Porque no solo la sangre nos une
La familia ha tenido que ir asumiendo que la naturaleza de sus miembros no era la misma en que aquel cine, espejo de la realidad franquista, la retrataba en los sesenta
Esto era un niño de familia humilde. Se llamaba Pedro Mari y vivía en un barrio de la periferia del Madrid de los sesenta, San Nicolás, en donde algunas calles aún no estaban asfaltadas. El chaval tenía 11 años, pero ya contaba con una experiencia insólita en el mundo de la interpretación. Pasó de hacer de pequeño mariachi en el puesto de sus tíos feriantes a salir en una película, La gran familia, en 1965, que se ha convertido con el tiempo en un cuento navideño que programan todos los años en TVE. Pedro Mari no era aquel Chencho al que llamaba desesperado el angelical abuelo Pepe Isbert entre los puestos de belenes de la plaza Mayor, sino Críspulo, un demonio de crío con el que los niños, generación tras generación, nos hemos identificado. Fue al año siguiente de La gran familia cuando Pedro Mari debutó en el teatro de la mano de uno de los más grandes actores que el cine español ha tenido, Paco Rabal. Los dos compartiendo escenario y mucho más, porque Paco Rabal adoptó a aquel chavalillo como sobrino. Con esa voz de hombre de mostrador que le caracterizaba el nuevo padrino advirtió a los productores, “del niño me encargo yo”, y a partir del primer ensayo se tomó muy en serio su papel de tío: ejerció de tutor del espabilado chaval y como familia lo trató toda la vida. El cochazo de Rabal entraba en el barrio de San Nicolás levantando una polvareda de tierra y admiración.

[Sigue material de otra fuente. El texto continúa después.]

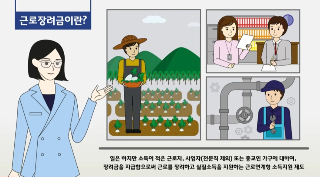 근로장려금은 일은 하지만 소득이 적어 생활이 어려운 근로자, 종교인, 사업자(전문직 제외)가구에 대하여 가구원 구성과 근로소득, 사업소득 또는 종교인소득에 따라 산정하여 지급하는 근로연계형 소득지원 제도입니다.
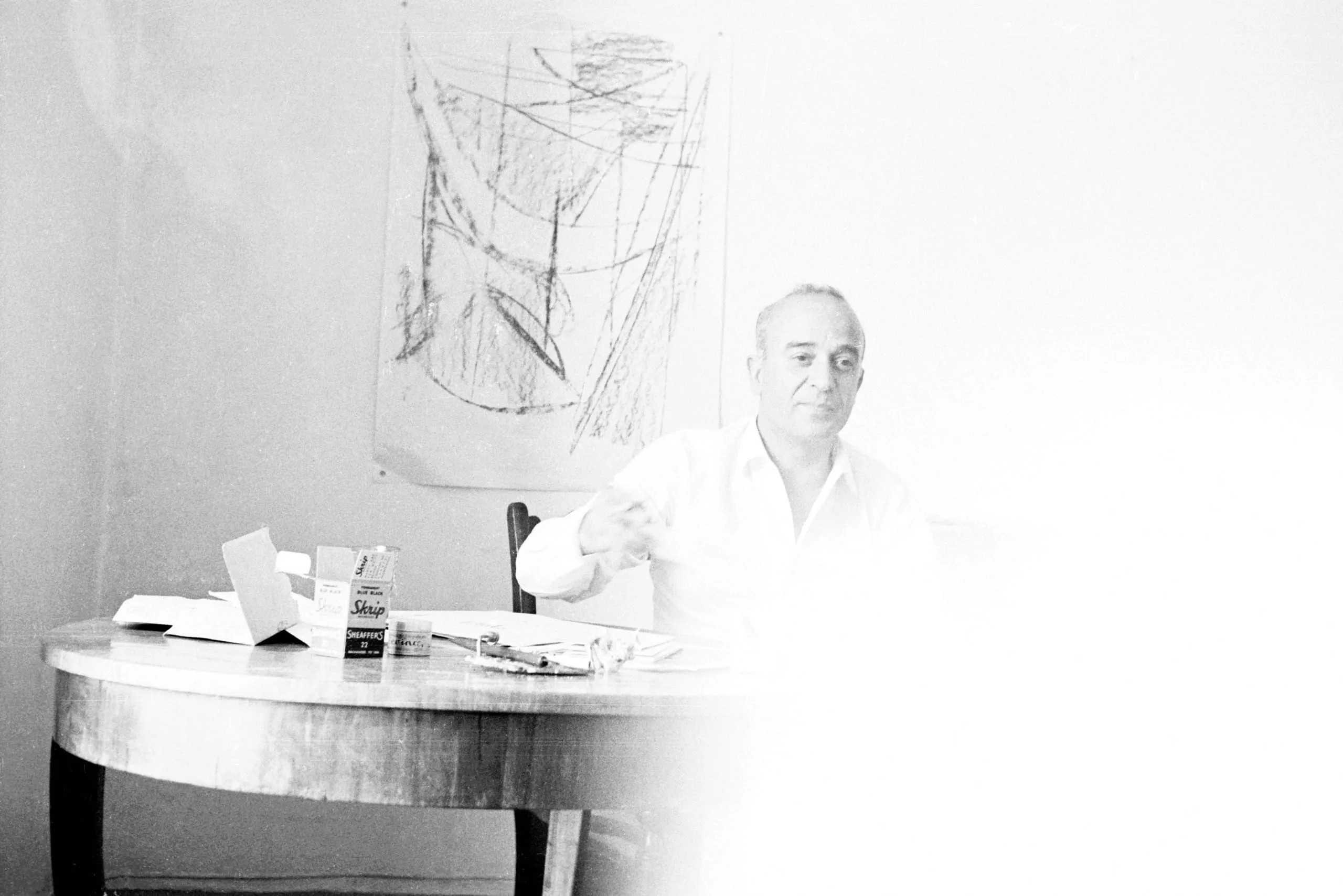 Black and white photograph of a man in a white shirt seated at a round table, mid-gesture, with an abstract charcoal drawing pinned to the wall behind him
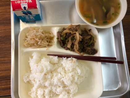 今日の給食の献立は、プルコギ、トック、もやしの甘酢和えでした。プルコギにはしっかりと味がついていて、ご飯にぴったりでした。もやしは柔らかく、さっぱりしていて、これもプルコギにぴったりでした。トックスープは具沢山で、優しい味わいでした。
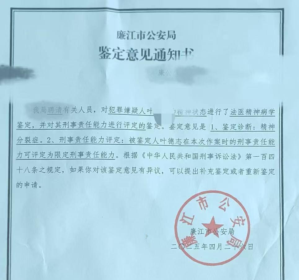 根据被害人家属提供的廉江市公安局鉴定意见通知书照片显示,鉴定意见为:一是鉴定诊断为精神分裂症;二是被鉴定人叶某某在本次作案时的刑事责任能力可评定为限定刑事责任能力。
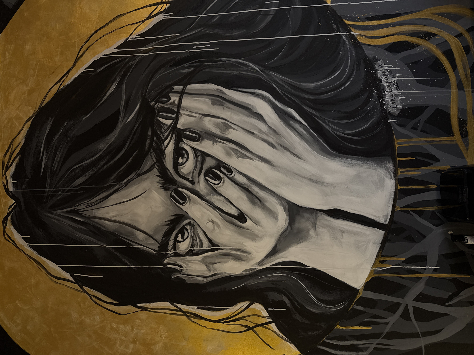 The image is a tilted close-up of a painting. The painting depicts a woman covering her face with her hands. Her eyes are visible between her fingers. The color palette is predominantly black, white, grey, and gold. The background is abstract with broad strokes and linear elements. The painting's style is expressive with visible brushstrokes. Text, likely the artist's name, is present on the right side of the painting, though illegible. The painting is currently located in Krasnoyarsk, Russia.

Pienso en esta conmovedora historia, una más de las que recuerda mi querido amigo Pedro Mari Sánchez, que tantas atesora por haber superado la difícil prueba de ser niño prodigio para convertirse en un actor excelente, y esta me hace reflexionar en cómo la vida nos va ofreciendo la posibilidad de crearnos una familia paralela, tan necesaria para sentirnos acompañados y comprendidos como aquella que nos fue dada desde el nacimiento. Este año termina con un balance desastroso en términos de convivencia política, pero hoy quiero detenerme en aquello que nos convierte en un país mejor: este ha sido también el curso en el que se ha reconocido la diversidad y la singularidad que conforma el núcleo de la familia española. Ya no somos aquella gran familia del cine que recibía el aplauso por su condición de numerosa, algo que condenaba a las mujeres al papel exclusivo de madres, esposas y amas de casa. Es evidente que vivimos en un país familiar y eso, paradójicamente, nos ha hecho reforzar el músculo de la tolerancia y la resiliencia. La familia ha sido en muchos casos el soporte de la crisis, pero la familia, a su vez, ha tenido que ir asumiendo que la naturaleza de sus miembros no era la misma en que aquel cine, espejo de la realidad franquista, la retrataba en los sesenta. Cuando se describe a la institución familiar como foco de opresión y censura se atiende tan solo a aquellos hogares en los que no cabe la singularidad, pero por fortuna ya son muchas las criaturas que acuden al colegio sin miedo a ser objeto de burla o de critiqueo por tener dos padres o dos madres, o tan solo una madre. Mandan los lazos del amor y los niños, si son educados en esa creencia, no se asombran ni se mofan. Somos nosotros, los adultos, los que a menudo estamos comidos por prejuicios que contagiamos a los hijos. Por tanto, el que se hayan borrado las barreras legales para que todas las familias, sea cual sea la manera en que han sido creadas, gocen de los mismos derechos, es algo que confirma una tolerancia que ya se respira en muchos hogares y en no pocos centros educativos. Hay excepciones, claro, y existe una corriente reaccionaria y revanchista que desea volver a esquemas que la realidad ha superado con mucho esfuerzo. Pero hoy deseo pensar con alegría, quiero imaginar que no es la sangre lo único capaz de unirnos alrededor de una mesa para celebrar la Navidad sino el amor, que tiene muchos nombres.